(Records from a dataset)
⁂

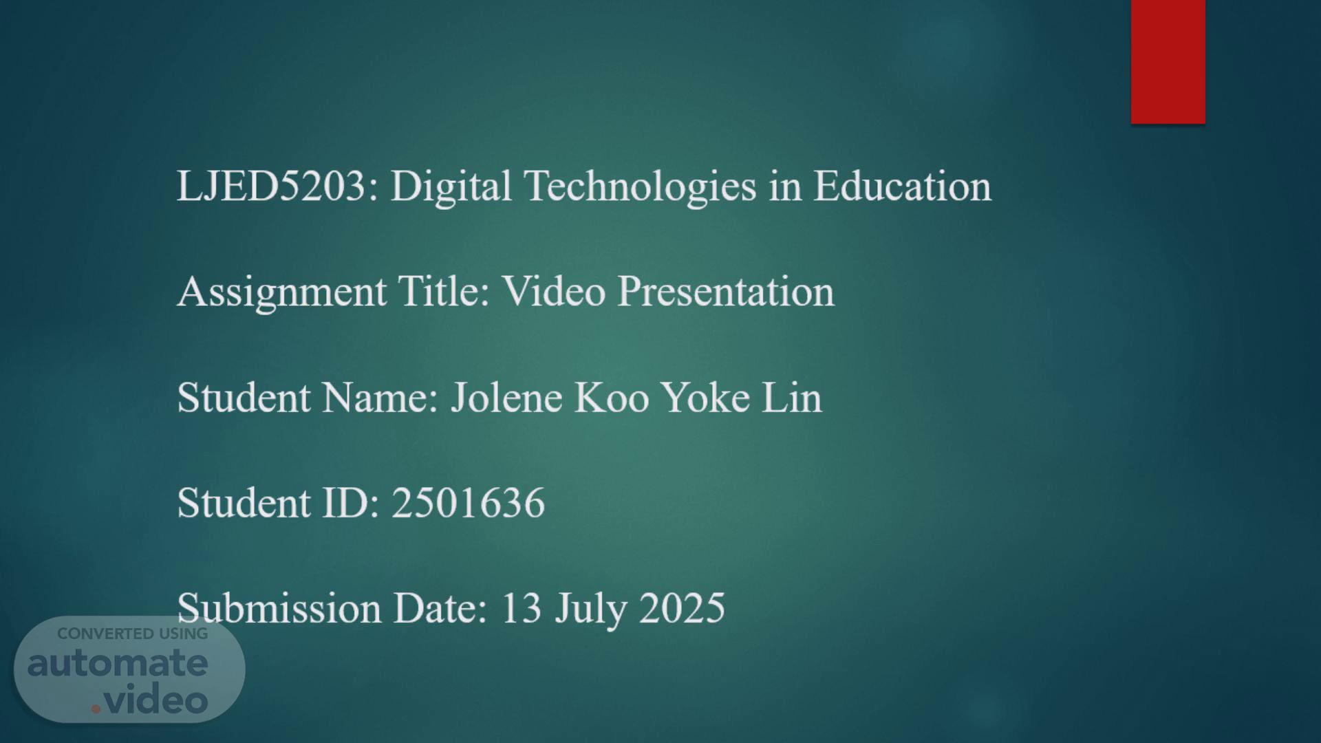 LJED5203: Digital Technologies in Education Assignment Title: Video Presentation Student Name: Jolene Koo Yoke Lin Student ID: 2501636 Submission Date: 13 July 2025.
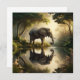 Elephant card. A pretty serene ai illustration of an elephant standing in the forest reflecting in the water. A calm tranquil piece of art to help you relax.
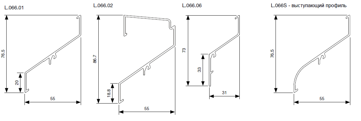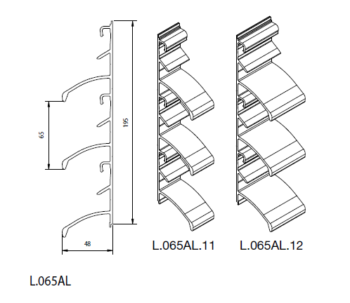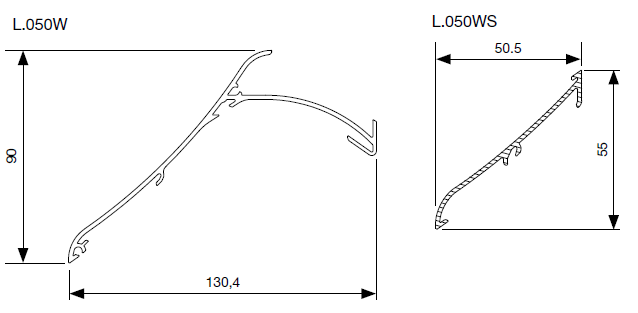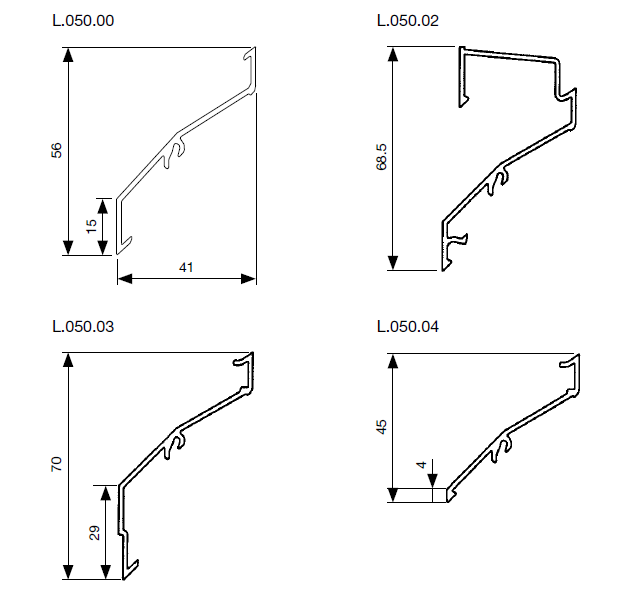 Ламель L.050.00 также может изгибаться с минимальным радиусом 800 мм. Верхняя ламель L.050.02 доступна для эстетичного верхнего присоединения. Длинная нижняя ламель L.050.03 и короткая нижняя ламель L.050.04 для оптимального завершения конструкции.
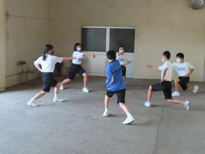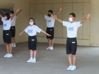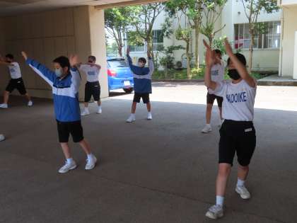 リーダーの掛け声でグループごと完成形をめざして頑張っています。ガンバレ応援団!
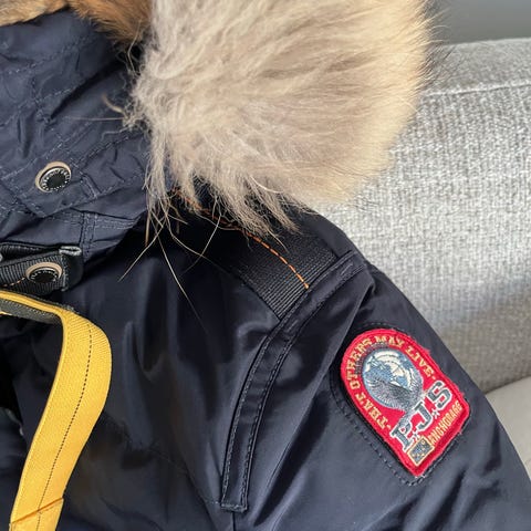 Parajumpers long bear Masterpiece Series annet yttertøy i størrelse S for kvinner. Jakken er marine blå og laget av dun som isolasjonsmateriale. Den har hette med pelskant.
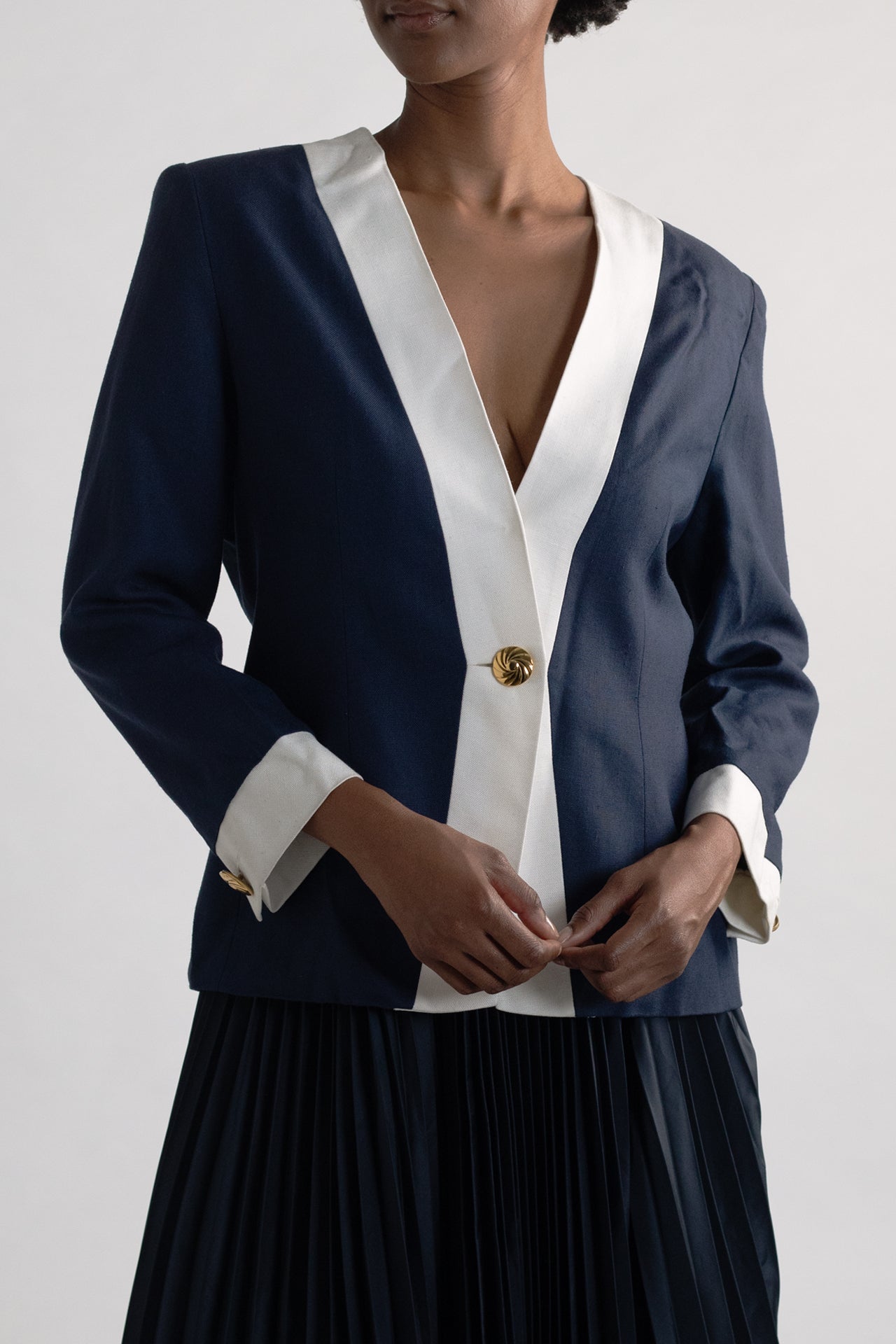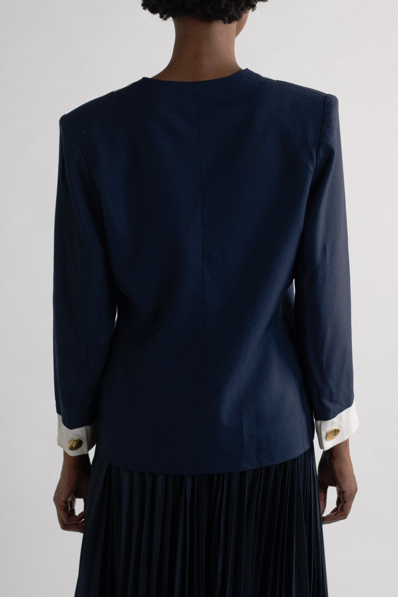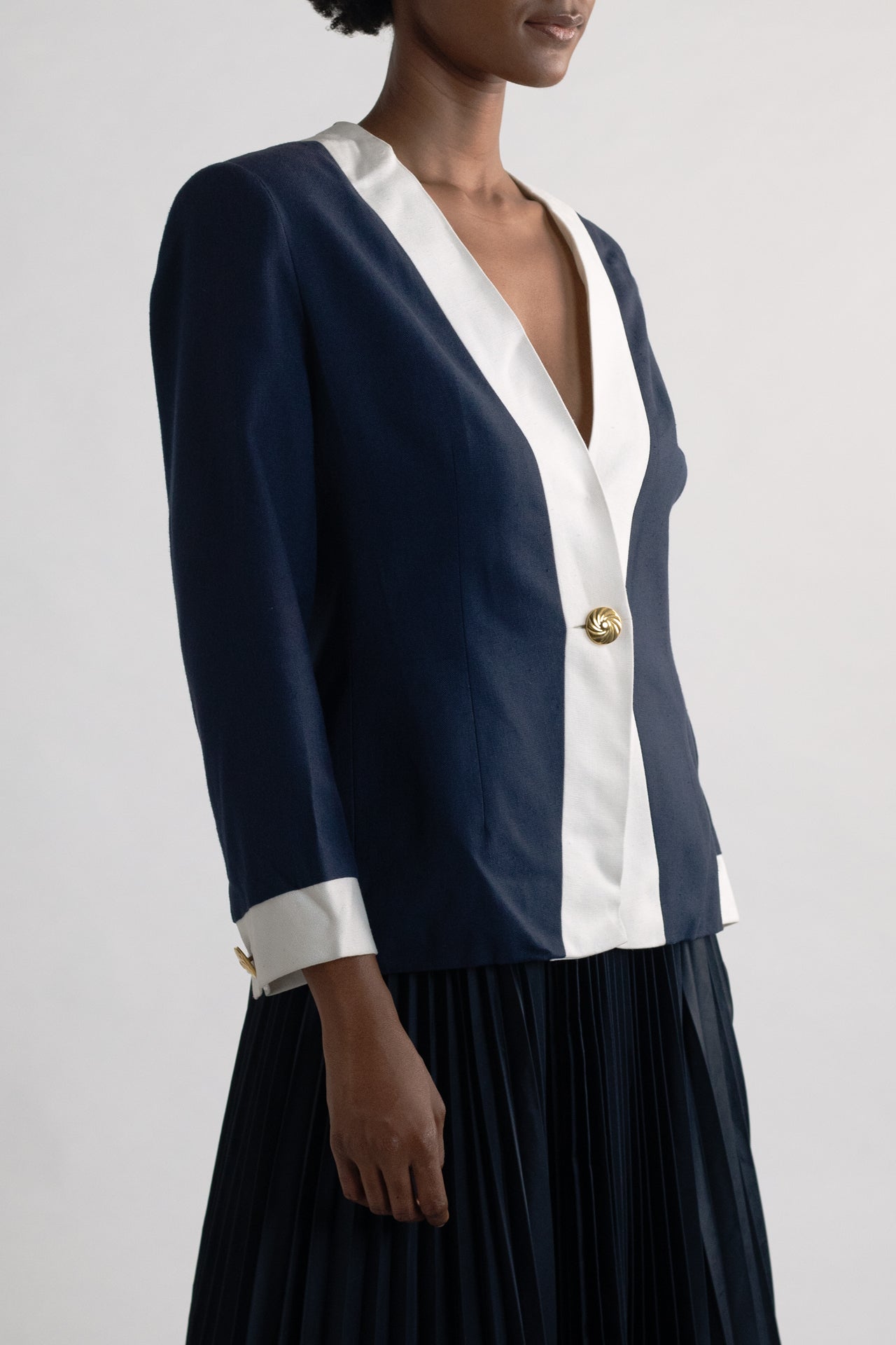 Elevate your wardrobe with this Givenchy Navy Blue Blazer with White Trim. A refined piece crafted from high-quality fabric, this blazer features a sharp, boxy fit that provides comfort and structure.
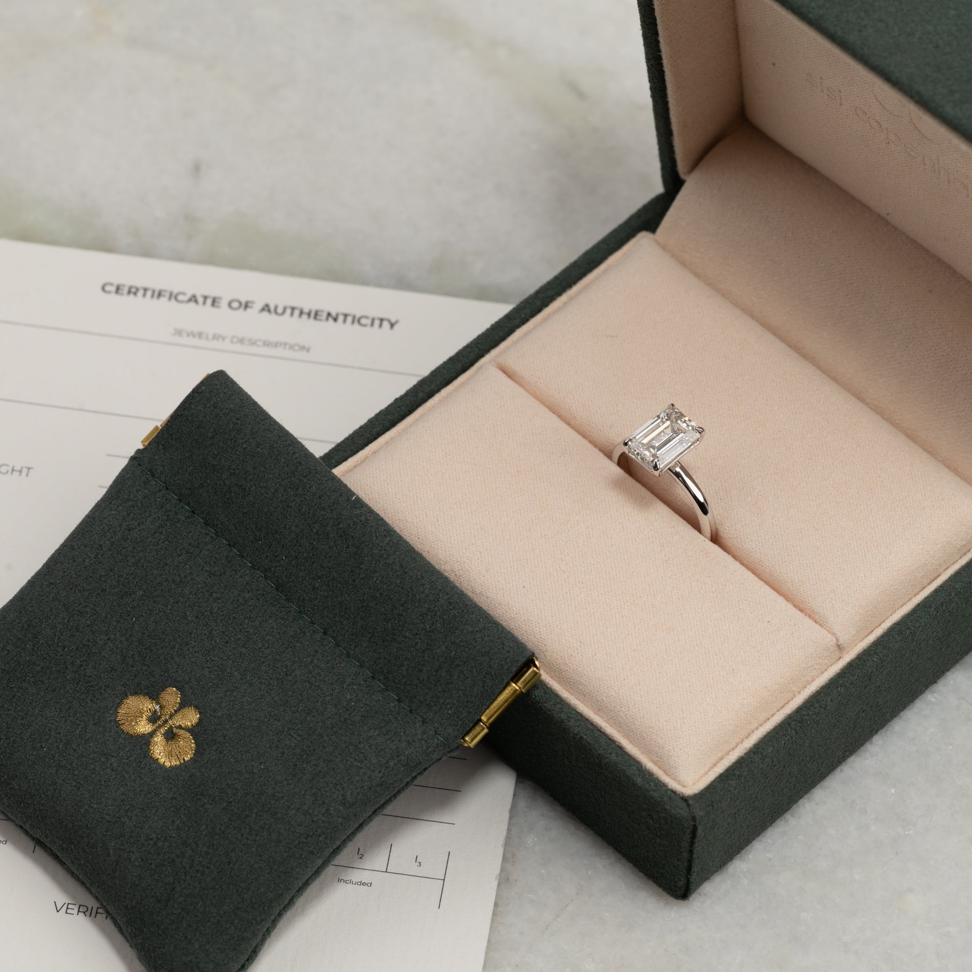The ring is delivered in our exclusive Diamond Collection box, which includes a jewelry case, a certificate and a travel pouch.

⁂

**Description of the task**
Please give the entries again word for word, without any pictures.

**Solution to this task**
 LJED5203: Digital Technologies in Education Assignment Title: Video Presentation Student Name: Jolene Koo Yoke Lin Student ID: 2501636 Submission Date: 13 July 2025.
 Elephant card. A pretty serene ai illustration of an elephant standing in the forest reflecting in the water. A calm tranquil piece of art to help you relax.
 Ламель L.050.00 также может изгибаться с минимальным радиусом 800 мм. Верхняя ламель L.050.02 доступна для эстетичного верхнего присоединения. Длинная нижняя ламель L.050.03 и короткая нижняя ламель L.050.04 для оптимального завершения конструкции.
 リーダーの掛け声でグループごと完成形をめざして頑張っています。ガンバレ応援団!
 Parajumpers long bear Masterpiece Series annet yttertøy i størrelse S for kvinner. Jakken er marine blå og laget av dun som isolasjonsmateriale. Den har hette med pelskant.
 Elevate your wardrobe with this Givenchy Navy Blue Blazer with White Trim. A refined piece crafted from high-quality fabric, this blazer features a sharp, boxy fit that provides comfort and structure.
The ring is delivered in our exclusive Diamond Collection box, which includes a jewelry case, a certificate and a travel pouch.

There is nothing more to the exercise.